21. So far as the decision making process is concerned, we are inclined to say that process of fixation of sector/circle rate with retrospective effect from 1991 is only reviewable subject for the writ court. According to us, principle of fiscal statute has to be applied in case of price fixation at a relevant point of time. Levy, cess, tax, duty, etc. as under fiscal statute never be fixed prospectively nor retrospectively, unless backed by cogent reason/s. Possibly fixation of sector/circle rate with retrospective effect is only anxiety of GDA. However, taking advantage of the pendency of the writ petition they can not be allowed to bargain in the Court now to get commercial/non-commercial rate of the year 2007 when the allotment is reconfirmed by the State on 16th November, 1999 and subsequent clarification is made only on 13th January, 2000. GDA has every right to make any contract like private body but they must not be forgetful that there is a basic difference between private and public body. In the cases of contract or no contract, public body has to satisfy the test of reasonableness, fair play, non-discrimination or natural justice. As the GDA could be anxious about retrospective fixation of price, it could not be anxious about prospective fixation of price. Similarly when, on the other hand, the petitioner opted for concessional rate and further for allotment of an area of 570 square meter being deflected from the original stand for any reason whatsoever, can not be allowed to get price fixation retrospectively from 1991. We have been told that market rate of GDA and sector/circle rate of the State for the year 1999 were not at variance for the applicability of the respective year. Therefore, fixation of price at the rate of year 1999 is most rational for all purposes. Hence, natural justice will be subserved if petitioner's allotment of land measuring an area of 1513 square meter is effected with sector/circle rate for the year 1999 along with the simple rate of interest as applicable from the date of finalisation of allotment i.e. 16th November, 1999 till the date of final payment minus any amount already deposited and/or interest accrued thereon.
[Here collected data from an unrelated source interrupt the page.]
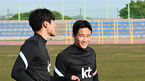 [OSEN=제주(서귀포), 민경훈 기자] 10일 오후 황선홍 감독이 이끄는 U-23 축구대표팀이 제주 서귀포시 공천포 전지훈련 센터내 운동장에서 동계 훈련을 가졌다.U-23 대표팀 이태석과 정상빈이 즐겁게 훈련을 하고 있다. 2022.01.10 /rumi@o
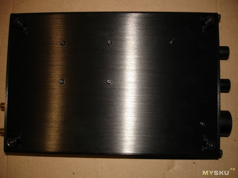 Вид снизу. Видны головки шести винтов, и стоят четыре резиновые ножки: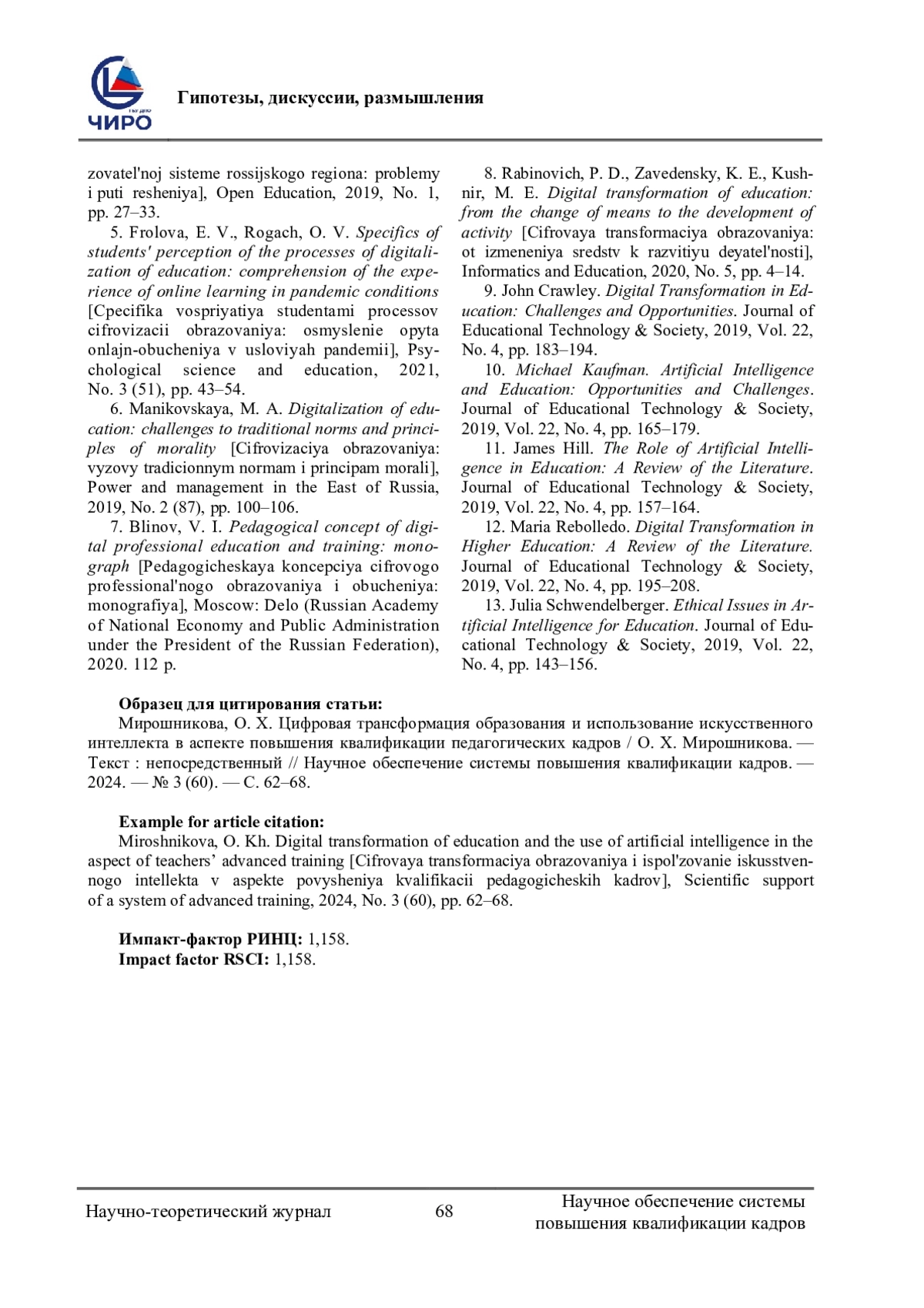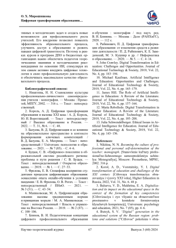 2. Король, А. Д. Цифровая трансформация образования и вызовы XXI века / А. Д. Король, Ю. И. Воротницкий. - Текст: непосредственный // Высшее образование в России. - 2022. - Т. 31, № 6. - С. 48. EDN: SXEPBK

22. Therefore, the writ petitions are, accordingly, disposed of with the direction upon the appropriate authority to give effect of the decision of allotment, upon payment and acceptance of the consideration on the basis of analysis of this Court, as expeditiously as possible to end the long standing dispute of 24 years i.e. from the date of the initial allotment.
23. However, no order is passed as to costs.
Sanjay Misra, J.
24. I agree.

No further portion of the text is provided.